EXERCISE AIM ->
Keep every word of the entries and print them exactly; the pictures stay out.

AVAILABLE RECORDS ->
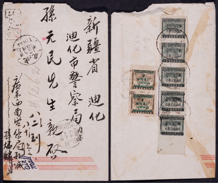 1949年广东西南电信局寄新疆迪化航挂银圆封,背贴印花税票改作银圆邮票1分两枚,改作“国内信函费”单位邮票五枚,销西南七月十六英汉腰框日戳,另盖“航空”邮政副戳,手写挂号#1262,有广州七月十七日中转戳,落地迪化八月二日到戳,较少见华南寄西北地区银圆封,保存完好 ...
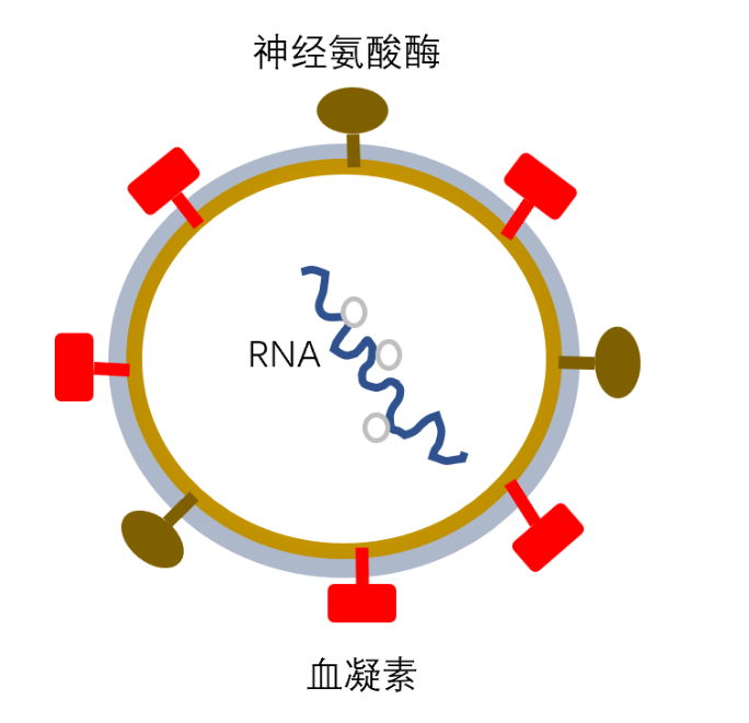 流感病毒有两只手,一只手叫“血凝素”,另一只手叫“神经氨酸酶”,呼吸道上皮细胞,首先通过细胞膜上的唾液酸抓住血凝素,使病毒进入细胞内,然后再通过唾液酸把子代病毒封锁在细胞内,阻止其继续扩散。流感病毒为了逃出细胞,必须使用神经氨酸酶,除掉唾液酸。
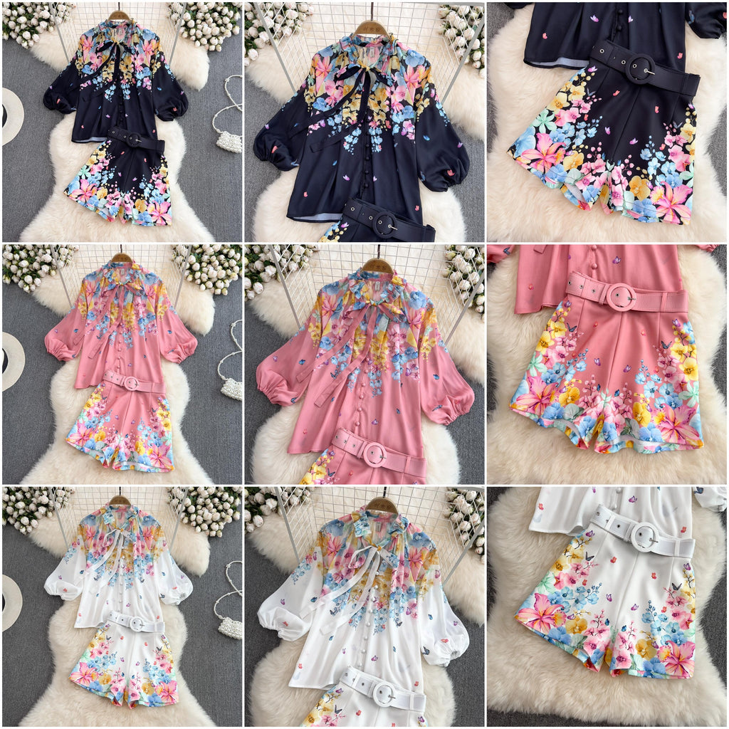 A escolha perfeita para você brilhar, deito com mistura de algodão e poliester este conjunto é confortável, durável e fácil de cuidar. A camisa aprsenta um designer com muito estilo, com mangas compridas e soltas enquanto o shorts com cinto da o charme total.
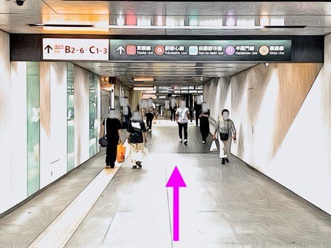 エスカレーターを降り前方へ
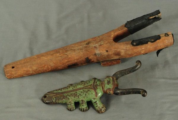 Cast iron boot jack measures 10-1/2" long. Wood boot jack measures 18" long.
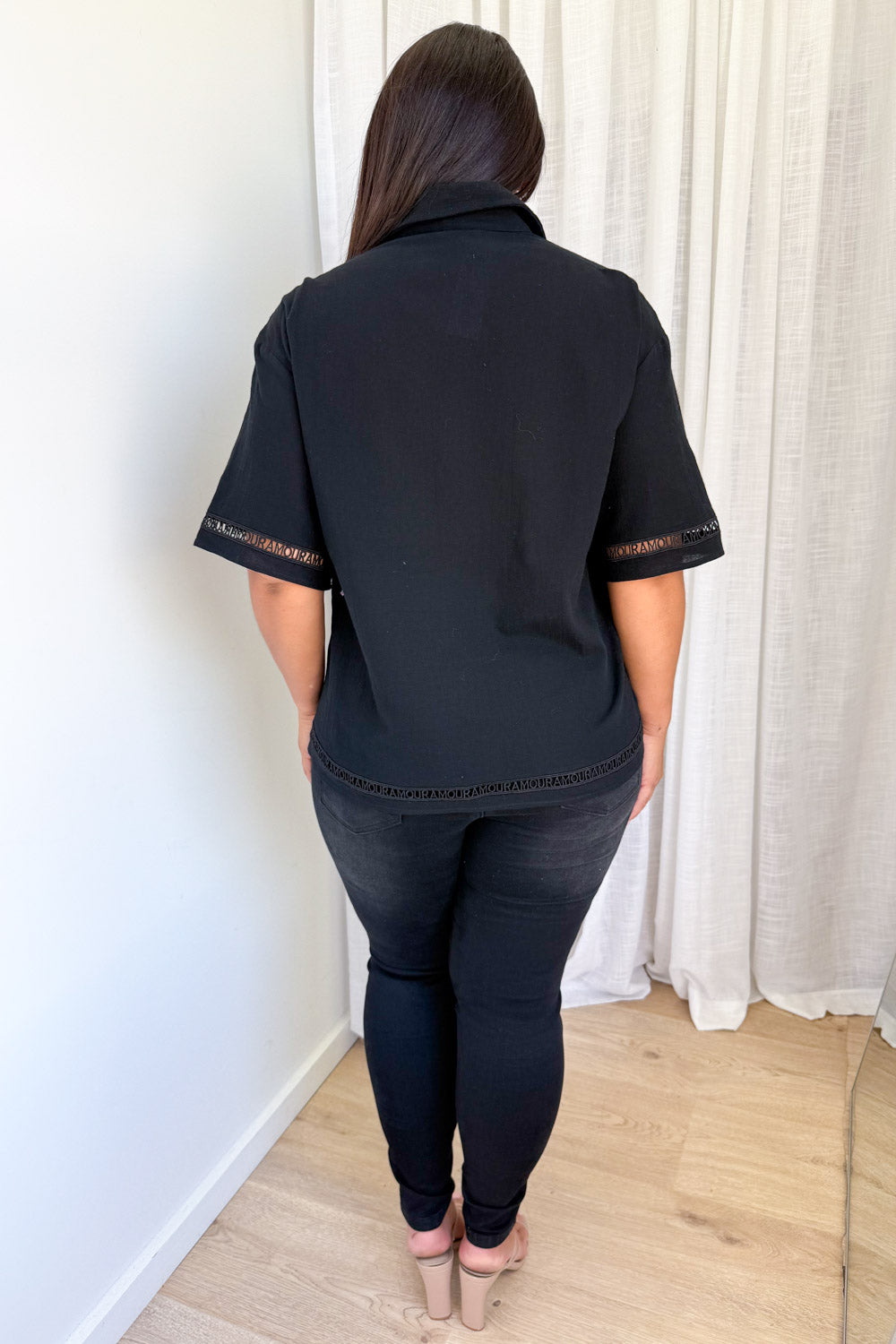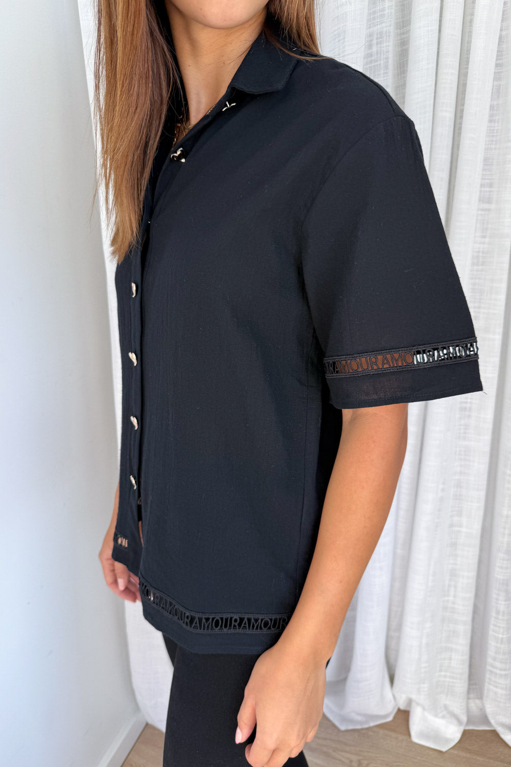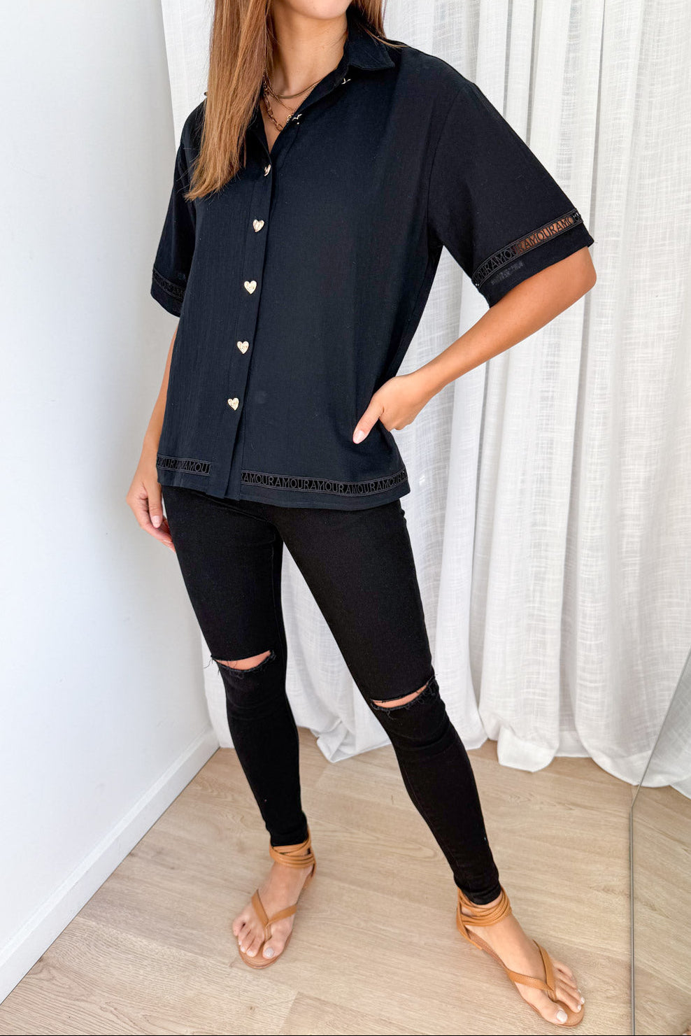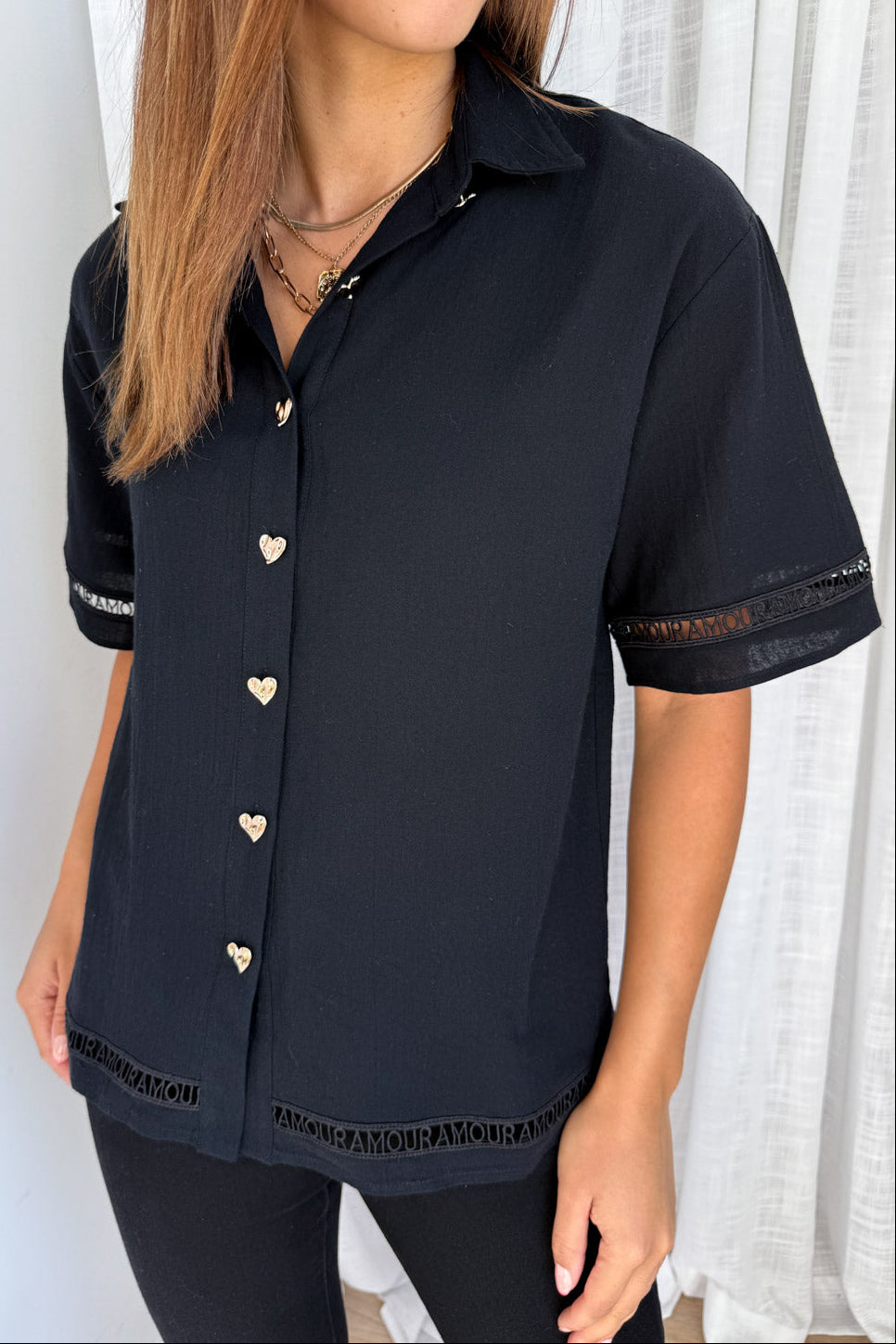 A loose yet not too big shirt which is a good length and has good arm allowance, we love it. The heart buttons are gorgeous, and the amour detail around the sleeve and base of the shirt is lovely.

EXERCISE OUTPUT ->
 1949年广东西南电信局寄新疆迪化航挂银圆封,背贴印花税票改作银圆邮票1分两枚,改作“国内信函费”单位邮票五枚,销西南七月十六英汉腰框日戳,另盖“航空”邮政副戳,手写挂号#1262,有广州七月十七日中转戳,落地迪化八月二日到戳,较少见华南寄西北地区银圆封,保存完好 ...
 流感病毒有两只手,一只手叫“血凝素”,另一只手叫“神经氨酸酶”,呼吸道上皮细胞,首先通过细胞膜上的唾液酸抓住血凝素,使病毒进入细胞内,然后再通过唾液酸把子代病毒封锁在细胞内,阻止其继续扩散。流感病毒为了逃出细胞,必须使用神经氨酸酶,除掉唾液酸。
 A escolha perfeita para você brilhar, deito com mistura de algodão e poliester este conjunto é confortável, durável e fácil de cuidar. A camisa aprsenta um designer com muito estilo, com mangas compridas e soltas enquanto o shorts com cinto da o charme total.
 エスカレーターを降り前方へ
 Cast iron boot jack measures 10-1/2" long. Wood boot jack measures 18" long.
 A loose yet not too big shirt which is a good length and has good arm allowance, we love it. The heart buttons are gorgeous, and the amour detail around the sleeve and base of the shirt is lovely.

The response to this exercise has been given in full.